╔══

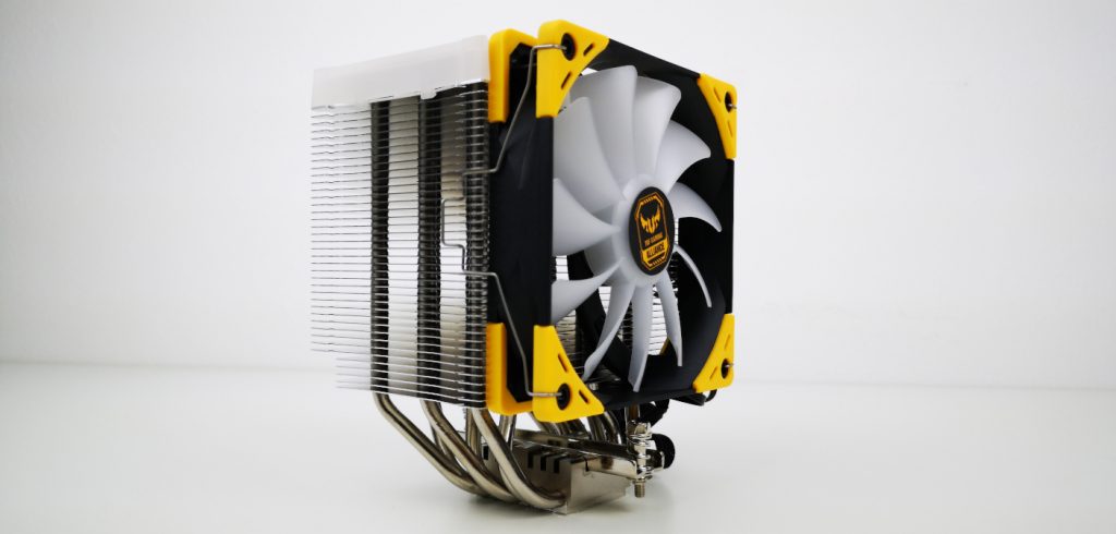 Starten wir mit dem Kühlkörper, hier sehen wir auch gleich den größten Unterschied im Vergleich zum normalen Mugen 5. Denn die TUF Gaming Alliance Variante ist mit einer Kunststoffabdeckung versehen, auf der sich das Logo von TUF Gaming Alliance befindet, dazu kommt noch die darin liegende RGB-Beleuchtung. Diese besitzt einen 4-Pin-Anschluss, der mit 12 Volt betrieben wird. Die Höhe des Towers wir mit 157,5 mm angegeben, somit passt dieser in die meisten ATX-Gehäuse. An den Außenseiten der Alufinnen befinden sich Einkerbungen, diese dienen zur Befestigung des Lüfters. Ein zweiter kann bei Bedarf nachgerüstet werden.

╚══
╔══

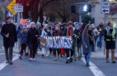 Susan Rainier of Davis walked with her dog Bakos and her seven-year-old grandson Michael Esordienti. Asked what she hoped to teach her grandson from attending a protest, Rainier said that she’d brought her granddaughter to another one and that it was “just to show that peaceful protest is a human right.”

╚══
╔══

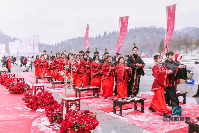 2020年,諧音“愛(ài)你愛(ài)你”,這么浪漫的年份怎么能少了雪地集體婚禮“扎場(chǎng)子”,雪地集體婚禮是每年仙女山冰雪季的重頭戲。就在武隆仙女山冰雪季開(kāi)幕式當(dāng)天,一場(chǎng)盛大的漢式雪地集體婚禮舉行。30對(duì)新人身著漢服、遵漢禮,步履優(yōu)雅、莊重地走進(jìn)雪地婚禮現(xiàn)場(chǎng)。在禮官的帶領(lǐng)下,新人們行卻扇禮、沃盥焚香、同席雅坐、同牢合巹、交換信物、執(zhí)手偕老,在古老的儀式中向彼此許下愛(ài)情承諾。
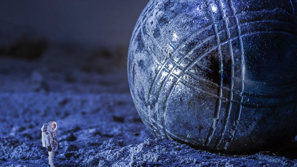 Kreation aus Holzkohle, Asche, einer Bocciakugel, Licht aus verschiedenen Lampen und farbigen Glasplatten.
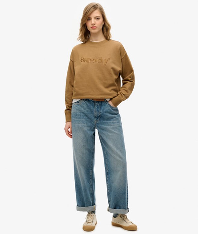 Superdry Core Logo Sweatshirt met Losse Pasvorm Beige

╚══

**Task directions:** Nothing except the lines from the one containing "Kreation aus Holzkohle, Asche, einer" through the one containing "Superdry Core Logo" should appear in the answer, exactly as above and without pictures.

**Response box:**
 Kreation aus Holzkohle, Asche, einer Bocciakugel, Licht aus verschiedenen Lampen und farbigen Glasplatten.
 Superdry Core Logo Sweatshirt met Losse Pasvorm Beige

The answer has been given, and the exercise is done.